[SOURCE MATERIAL]
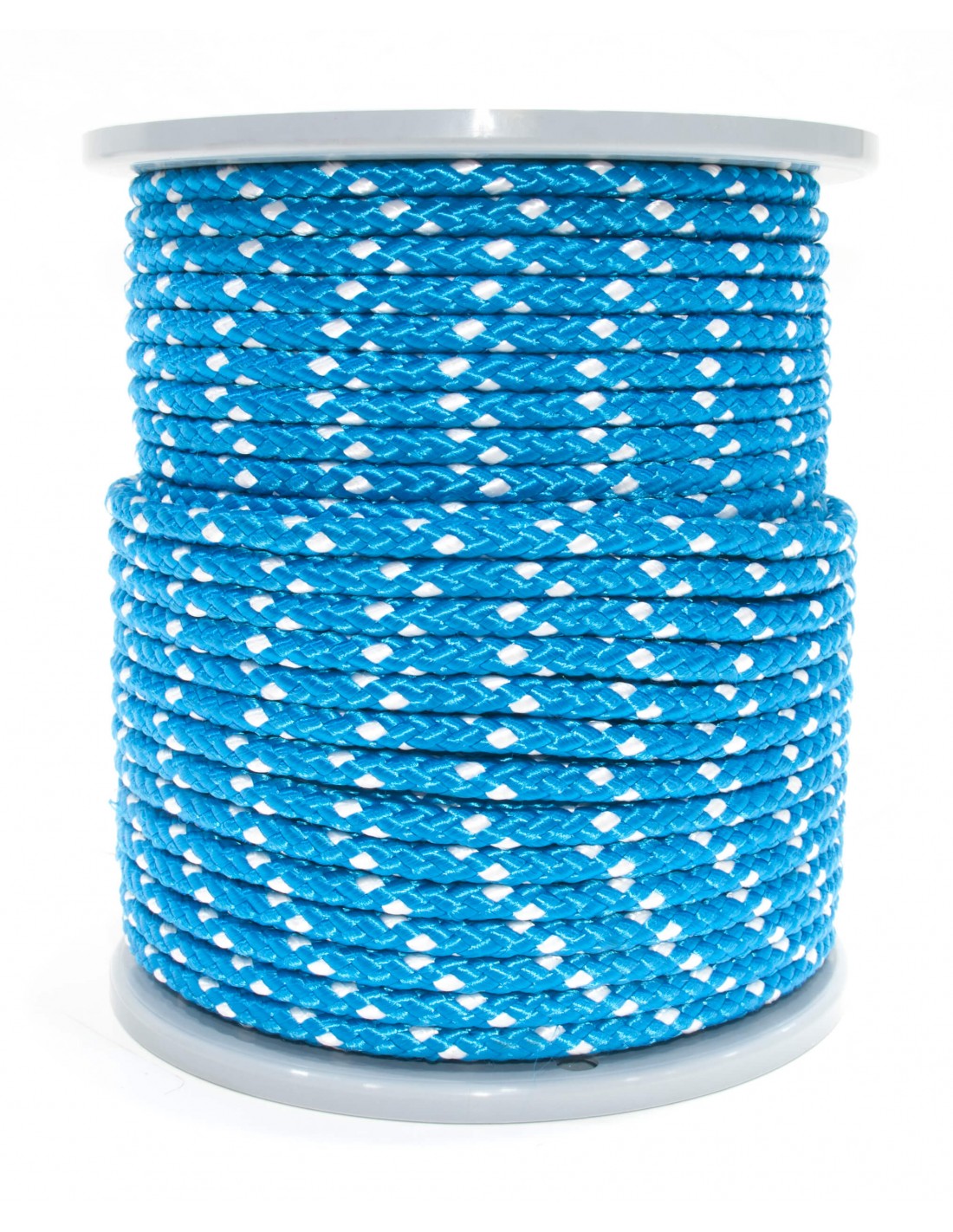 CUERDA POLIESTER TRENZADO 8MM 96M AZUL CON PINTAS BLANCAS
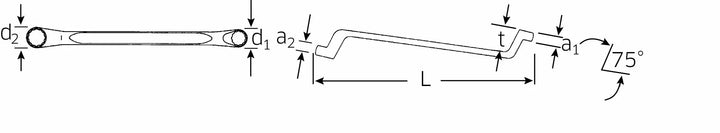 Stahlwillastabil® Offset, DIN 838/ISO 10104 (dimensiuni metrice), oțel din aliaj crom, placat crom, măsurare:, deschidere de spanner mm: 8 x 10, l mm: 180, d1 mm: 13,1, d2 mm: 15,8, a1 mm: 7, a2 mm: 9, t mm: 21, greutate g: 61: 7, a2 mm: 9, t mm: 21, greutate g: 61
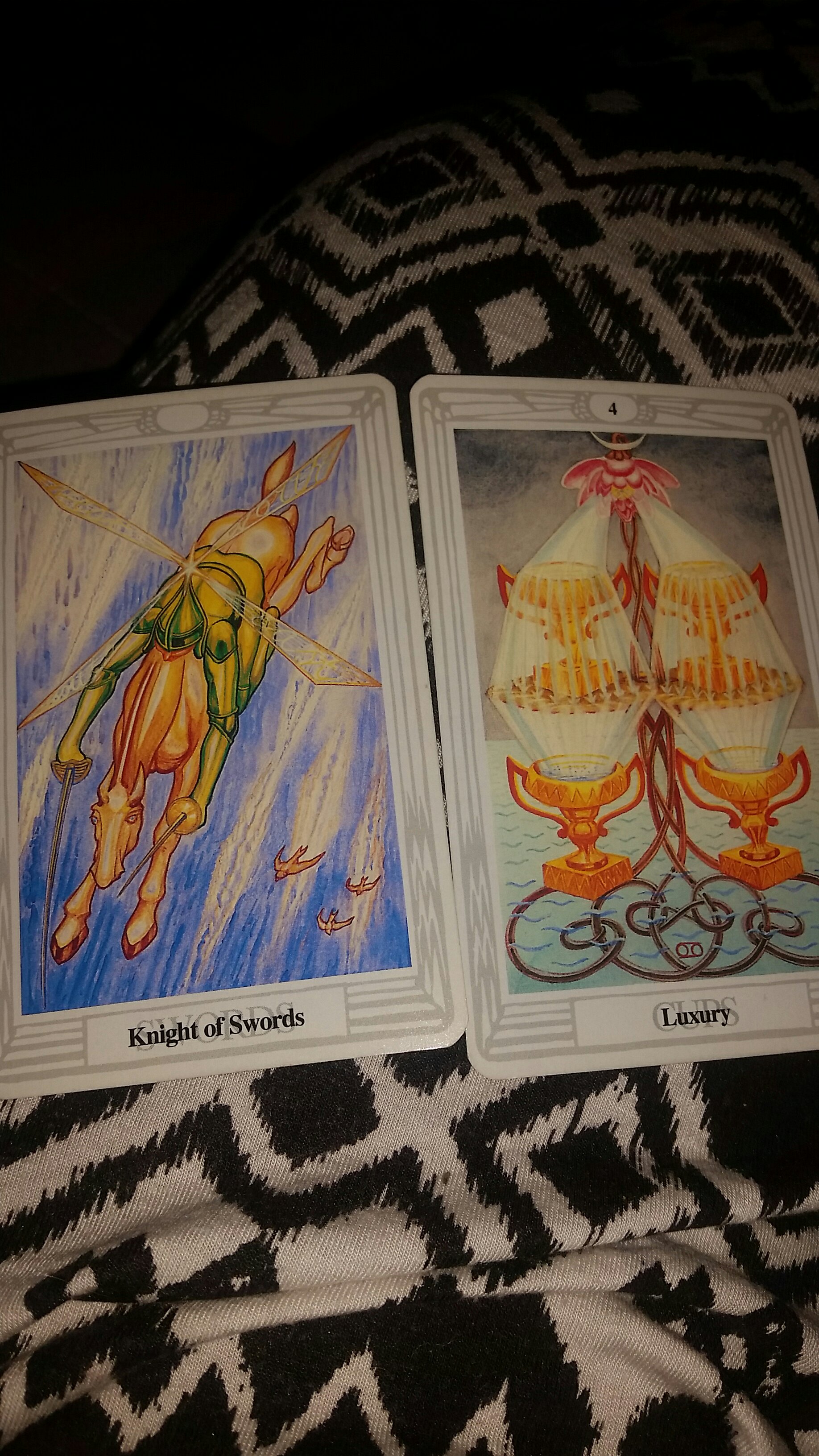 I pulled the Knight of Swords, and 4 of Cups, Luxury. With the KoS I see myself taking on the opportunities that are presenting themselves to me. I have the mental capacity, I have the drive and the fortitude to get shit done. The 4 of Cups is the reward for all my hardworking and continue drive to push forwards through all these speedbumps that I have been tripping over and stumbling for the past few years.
* * *
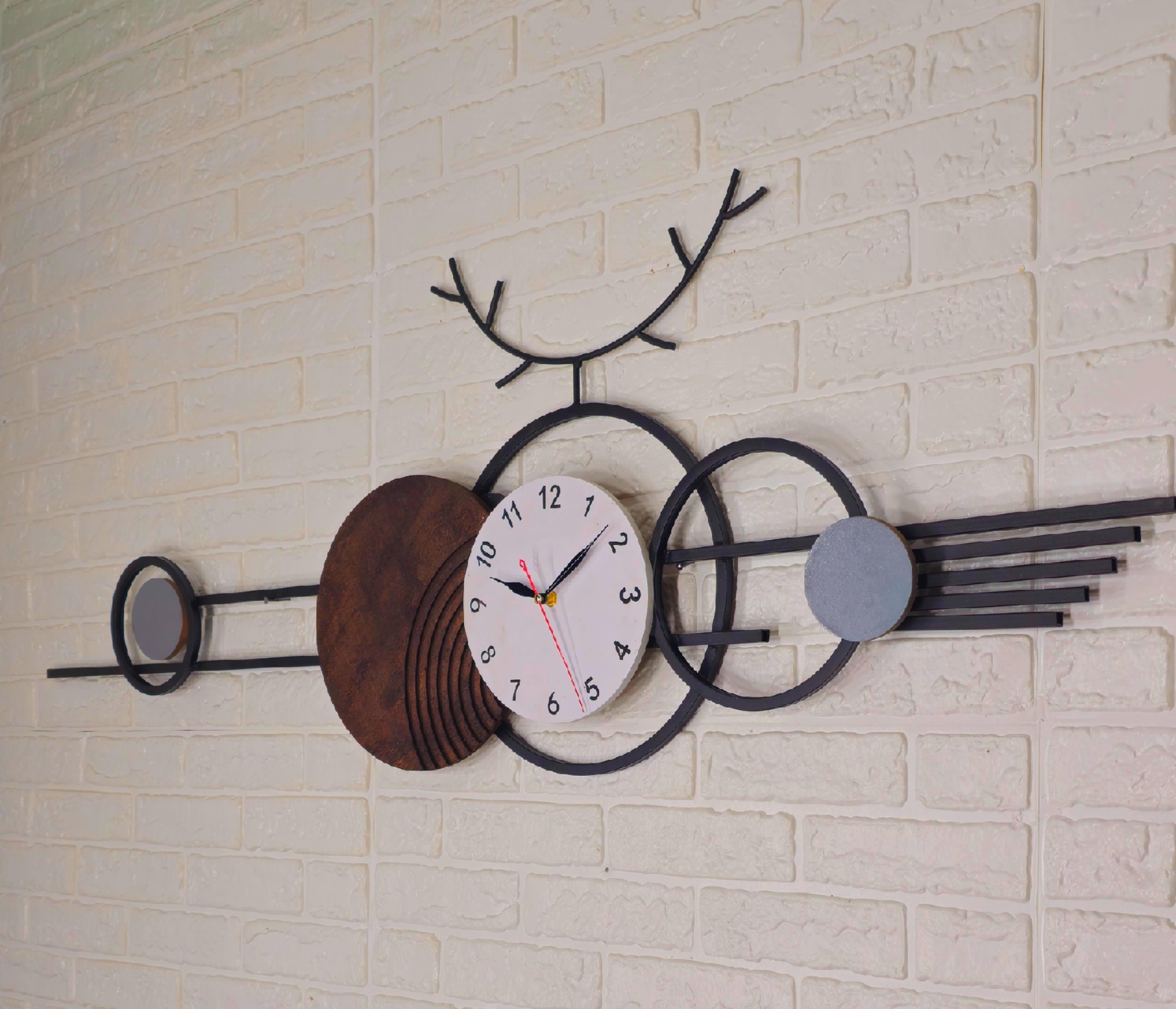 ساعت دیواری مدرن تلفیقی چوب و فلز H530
...
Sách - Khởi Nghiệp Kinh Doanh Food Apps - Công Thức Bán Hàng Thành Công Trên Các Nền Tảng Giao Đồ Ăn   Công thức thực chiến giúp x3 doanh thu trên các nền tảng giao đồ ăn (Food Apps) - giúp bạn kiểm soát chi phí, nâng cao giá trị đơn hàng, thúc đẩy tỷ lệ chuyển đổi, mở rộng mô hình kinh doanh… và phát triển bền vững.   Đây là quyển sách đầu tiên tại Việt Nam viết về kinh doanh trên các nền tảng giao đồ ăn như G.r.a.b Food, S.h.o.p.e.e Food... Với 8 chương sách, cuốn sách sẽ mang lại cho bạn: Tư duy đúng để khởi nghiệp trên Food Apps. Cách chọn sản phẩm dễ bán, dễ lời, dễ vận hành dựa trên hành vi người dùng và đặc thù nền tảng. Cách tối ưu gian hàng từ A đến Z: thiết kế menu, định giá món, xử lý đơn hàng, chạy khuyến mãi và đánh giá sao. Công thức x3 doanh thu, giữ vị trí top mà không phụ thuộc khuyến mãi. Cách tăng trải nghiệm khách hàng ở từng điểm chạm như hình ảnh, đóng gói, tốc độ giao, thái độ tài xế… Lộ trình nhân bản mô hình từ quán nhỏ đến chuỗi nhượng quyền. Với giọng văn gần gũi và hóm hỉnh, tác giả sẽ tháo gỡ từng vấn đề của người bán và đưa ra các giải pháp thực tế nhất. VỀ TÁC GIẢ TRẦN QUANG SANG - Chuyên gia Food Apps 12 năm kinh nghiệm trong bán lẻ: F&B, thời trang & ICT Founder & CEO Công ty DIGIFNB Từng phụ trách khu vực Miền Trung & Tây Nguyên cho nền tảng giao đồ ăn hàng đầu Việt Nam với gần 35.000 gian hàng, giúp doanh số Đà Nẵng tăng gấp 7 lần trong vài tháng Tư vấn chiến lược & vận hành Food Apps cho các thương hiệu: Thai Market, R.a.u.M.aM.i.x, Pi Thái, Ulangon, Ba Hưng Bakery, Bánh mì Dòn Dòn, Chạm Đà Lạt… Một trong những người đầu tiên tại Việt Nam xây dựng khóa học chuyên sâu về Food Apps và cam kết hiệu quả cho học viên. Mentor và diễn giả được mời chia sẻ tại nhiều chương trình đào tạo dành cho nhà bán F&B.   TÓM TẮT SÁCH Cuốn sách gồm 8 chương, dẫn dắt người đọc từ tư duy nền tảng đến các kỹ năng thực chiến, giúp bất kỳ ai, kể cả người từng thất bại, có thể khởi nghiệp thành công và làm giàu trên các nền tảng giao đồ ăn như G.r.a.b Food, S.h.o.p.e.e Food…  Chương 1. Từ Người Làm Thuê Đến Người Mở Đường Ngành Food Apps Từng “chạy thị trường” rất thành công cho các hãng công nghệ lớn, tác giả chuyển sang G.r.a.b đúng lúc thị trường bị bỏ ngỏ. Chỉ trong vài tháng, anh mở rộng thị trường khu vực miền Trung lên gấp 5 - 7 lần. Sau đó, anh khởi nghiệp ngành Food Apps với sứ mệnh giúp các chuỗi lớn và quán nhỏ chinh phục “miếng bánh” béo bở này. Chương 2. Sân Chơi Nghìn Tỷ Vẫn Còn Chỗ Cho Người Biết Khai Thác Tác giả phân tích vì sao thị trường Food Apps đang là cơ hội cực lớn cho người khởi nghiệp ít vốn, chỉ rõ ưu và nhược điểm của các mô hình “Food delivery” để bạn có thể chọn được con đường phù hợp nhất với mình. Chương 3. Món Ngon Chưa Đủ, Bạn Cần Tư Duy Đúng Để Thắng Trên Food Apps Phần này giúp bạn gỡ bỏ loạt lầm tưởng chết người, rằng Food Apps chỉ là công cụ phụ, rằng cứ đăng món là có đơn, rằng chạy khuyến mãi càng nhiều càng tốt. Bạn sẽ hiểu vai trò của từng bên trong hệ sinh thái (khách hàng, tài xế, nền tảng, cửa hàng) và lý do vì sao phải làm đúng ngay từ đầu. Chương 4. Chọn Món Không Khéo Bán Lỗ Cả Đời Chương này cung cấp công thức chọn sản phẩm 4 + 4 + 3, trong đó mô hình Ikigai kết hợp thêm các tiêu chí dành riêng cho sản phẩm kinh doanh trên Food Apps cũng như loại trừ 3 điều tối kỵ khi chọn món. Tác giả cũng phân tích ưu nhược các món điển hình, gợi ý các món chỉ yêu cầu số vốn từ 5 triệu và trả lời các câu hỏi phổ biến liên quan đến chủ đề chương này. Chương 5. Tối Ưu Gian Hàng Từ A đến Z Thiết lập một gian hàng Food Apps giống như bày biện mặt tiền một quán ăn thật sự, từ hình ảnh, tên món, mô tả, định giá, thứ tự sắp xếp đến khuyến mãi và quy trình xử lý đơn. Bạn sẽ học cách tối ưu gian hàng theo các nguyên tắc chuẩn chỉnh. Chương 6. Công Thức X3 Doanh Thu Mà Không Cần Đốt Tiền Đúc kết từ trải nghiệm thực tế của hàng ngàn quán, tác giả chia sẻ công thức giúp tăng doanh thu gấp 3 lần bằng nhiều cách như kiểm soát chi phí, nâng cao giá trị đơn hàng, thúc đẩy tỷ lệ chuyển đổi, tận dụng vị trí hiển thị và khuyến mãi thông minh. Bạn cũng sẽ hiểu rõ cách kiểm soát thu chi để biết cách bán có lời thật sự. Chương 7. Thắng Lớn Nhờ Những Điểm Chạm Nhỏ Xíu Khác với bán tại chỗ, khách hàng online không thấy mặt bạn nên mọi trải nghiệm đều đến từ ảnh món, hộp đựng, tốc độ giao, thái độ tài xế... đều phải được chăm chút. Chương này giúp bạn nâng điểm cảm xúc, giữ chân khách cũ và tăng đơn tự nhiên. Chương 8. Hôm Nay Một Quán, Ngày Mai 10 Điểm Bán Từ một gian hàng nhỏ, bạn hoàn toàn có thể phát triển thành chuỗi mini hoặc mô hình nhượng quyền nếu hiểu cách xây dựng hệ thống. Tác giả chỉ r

[TO DO]
Go to the line above that has "CUERDA POLIESTER TRENZADO" and copy exactly from there down to the line that has "I pulled the", both included. Leave the pictures out.

[PROBLEM SOLUTION]
 CUERDA POLIESTER TRENZADO 8MM 96M AZUL CON PINTAS BLANCAS
 Stahlwillastabil® Offset, DIN 838/ISO 10104 (dimensiuni metrice), oțel din aliaj crom, placat crom, măsurare:, deschidere de spanner mm: 8 x 10, l mm: 180, d1 mm: 13,1, d2 mm: 15,8, a1 mm: 7, a2 mm: 9, t mm: 21, greutate g: 61: 7, a2 mm: 9, t mm: 21, greutate g: 61
 I pulled the Knight of Swords, and 4 of Cups, Luxury. With the KoS I see myself taking on the opportunities that are presenting themselves to me. I have the mental capacity, I have the drive and the fortitude to get shit done. The 4 of Cups is the reward for all my hardworking and continue drive to push forwards through all these speedbumps that I have been tripping over and stumbling for the past few years.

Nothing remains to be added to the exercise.